Answer 3 · 2020-08-25T18:02:12.000Z

@cvv-student Sorry, we didn't keep the code for mobilenet~ it's pretty much similar to the implementation as in densenet and resnet. Good luck to your research.

Answer 4 · 2020-08-28T10:52:55.000Z

@zhuogege1943 Hi, after retrying the experiment, I succeeded in reproducing the result.

According to the loss function, the result may be better.I wonder only by change the size of batch and the number of gpu, the result is an error of 10% ( 2 RTX2080ti and 256 batchsize get 67%, 1 RTX2080ti and 64 batchsize get 76%). Beside, I notice that one epoch only takes about 3 minutes in your result, while I need 10 minutes. Do you have any skills to speed up training or adjust batch size?

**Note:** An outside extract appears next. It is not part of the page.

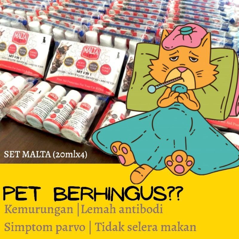 Rawatan Sakit Demam Selsema Batuk, Vitamin pada Kucing & Haiwan Peliharaan (Set Malta 1Set 4Produk)

Answer 5 · 2020-08-28T13:24:26.000Z

@cvv-student Interesting. While I guess other settings also matter, for example, it is recommended to also adjust the learning rate when batch size is changed, see here. The training speed depends on the gpu utilization, the highest speed is achieved when the gpu is 100% utilized during training, which can be seen by nvidia-smi under the GPU-Util label. I didn't take any particular skill for speeding up and only used the code and the bash script provided.

Answer 6 · 2020-08-28T14:04:50.000Z

@zhuogege1943 Yeah, the higher the GPU utilization, the better. But in actual use, the utilization rate of a GPU is only less than 50% (1 RTX2080TI and 64 batch size). So I am curious how you can reach the speed of 3 minutes.

Answer 7 · 2020-08-28T14:39:25.000Z

@cvv-student Probably I store the ImageNet dataset on a ssd disk.
update: The utilization rate < 50% may menas that the dataloader processing on cpu is in low speed, and gpu will wait for cpu. The cpu version in my computer is Intel i7-8700 @ 3.2GHZ. You could also try to increase the number of workers by setting -j in the bash script.

Answer 8 · 2020-08-30T04:25:37.000Z

@zhuogege1943 Thank you for your patience in answering all my questions. There should be no more problems ha ha ha. Good luck with your job.